Customs, Excise and Gold Tribunal - Delhi Tribunal

Commissioner Of C. Ex. vs Matsushita Tv And Audio India Ltd. on 4 July, 2005

Customs, Excise and Gold Tribunal – Delhi
Commissioner Of C. Ex. vs Matsushita Tv And Audio India Ltd. on 4 July, 2005
Bench: S Kang, Vice-, N T C.N.B.


ORDER

C.N.B. Nair, Member (T)

1. M/s. Panasonic AVC Networks India Co. Ltd., got into a collaboration agreement in 1993 with M/s. Matsushita Electric Industrial Co. Ltd. Japan in order to obtain technical know-how and training for the purpose of manufacturing Colour T.V. and Audio products. In terms of the agreement, in addition to lumpsum payment of Rs. 2 lakh US $, the Indian company was to make payment at the rate of 3% of the value of the goods produced towards royalty. The subject matter of the present appeals is the service tax demand on this 3% running royalty for the period 1-3-99 to 31-3-2001.

2. The contention of the appellant is that the transfer of technical know-how and training in terms of the contract was over and production had started in 1996, well before the imposition of service tax on 7-7-97 in regard to “consulting engineering” service. Learned Counsel for the appellants has emphasized that since the levy was not retrospective in nature, the demand is not sustainable at all. Same defence had been taken before the lower authorities.
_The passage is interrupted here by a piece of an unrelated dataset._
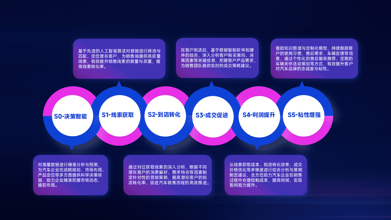 通过拓宽潜在客户来源、、优化线索分配并提高到店转化率,,,以增强销售效率。。。。同时,,,利用线索数据不断优化分析模型,,有效提升转化率,,,,扩大营销影响力。。

The Commissioner (Appeals) held “that the date on which service was provided is not relevant in the context of service taxation because the evidence of provision of service tax lies in the payment for the services as agreed upon by the provider and the consumer”.
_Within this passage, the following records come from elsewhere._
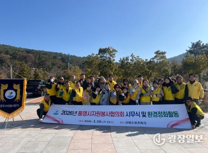 광장일보 주재영 기자 | 통영시자원봉사협의회는 지난 16일 산양스포츠파크 일원에서 2026년 시무식과 함께 환경정화활동을 진행하며 새해 공식 활동의 막을 올렸다.
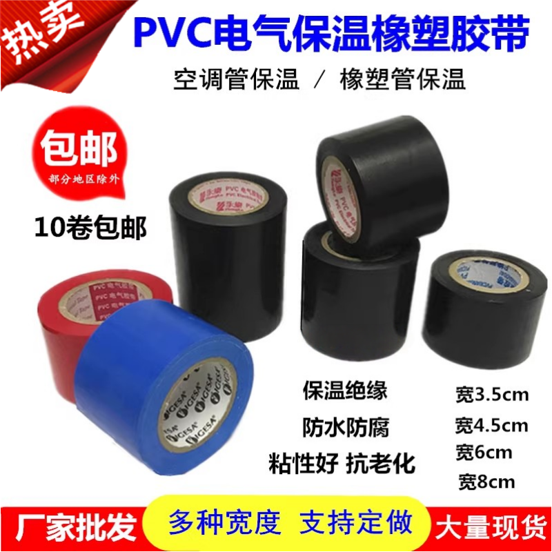 PVC橡塑保温胶带黑4.5cm宽电工电气绝缘胶布防水空调管道扎带缠绕
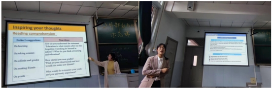 王一迪、池莉娜两位新进教师完成10分钟说课以及20分钟一个完整的教学节段设计。现场观摩的教师们针对两位教师的表现,从教学设计、教法教态、思政融入等方面给与了积极反馈。
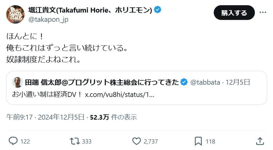 夫のお小遣い制は「経済的DV」「現代の奴隷制度」 ホリエモンが「少子化の原因」と激しく批判
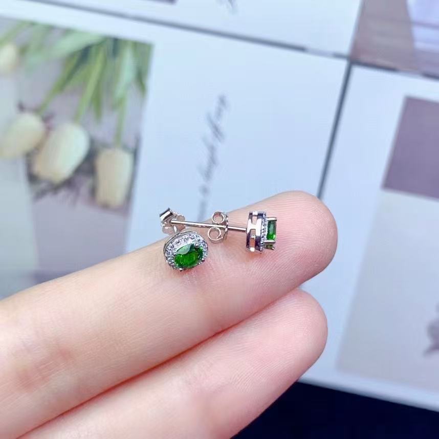 Серьги из стерлингового серебра S925 с инкрустацией из натурального диопсида, простая и модная оправа с бриллиантами, универсальные и изысканные украшения с овальными драгоценными камнями.

3. We have perused the records and heard both sides. “Consulting engineer” and “Taxable Service” have been defined in the Finance Act as under :-

‘Consulting Engineer’ means any professionally qualified engineer or an engineering firm who, either directly or indirectly, renders any advice, consultancy or technical assistance in any manner to a client in one or more disciplines of engineering.

“Taxable Service” means any service provided to a client, by a consulting engineer in relation to advice, consultancy or technical assistance in any manner in one or more disciplines of engineering.

It is clear from the definition of taxable service that providing of service is the taxable event. The taxable event takes place in time and place. In the present case, admittedly, transfer of technical know-how took place well before the levy was introduced. Since the time when service was provided is the relevant factor, no levy was attracted in the present case. It is another matter whether the transaction between the parties was a transaction between a client and a consulting engineer. The Commissioner was clearly in error in holding that date of payment for service is the relevant factor under the statute and not time of providing of service.

4. In the above factual and legal situation, the tax demand is not sustainable at all. The appeals of the parties are, accordingly, allowed. The appeals of the Revenue are not maintainable in view of our finding that no service tax is attracted. Those appeals are rejected. All the appeals are ordered in these terms.

5. We are not going into the other contentions raised by the assesse since we are of the opinion that, on the above ground alone, the appeals can be disposed of.

(Pronounced and dictated in the open Court).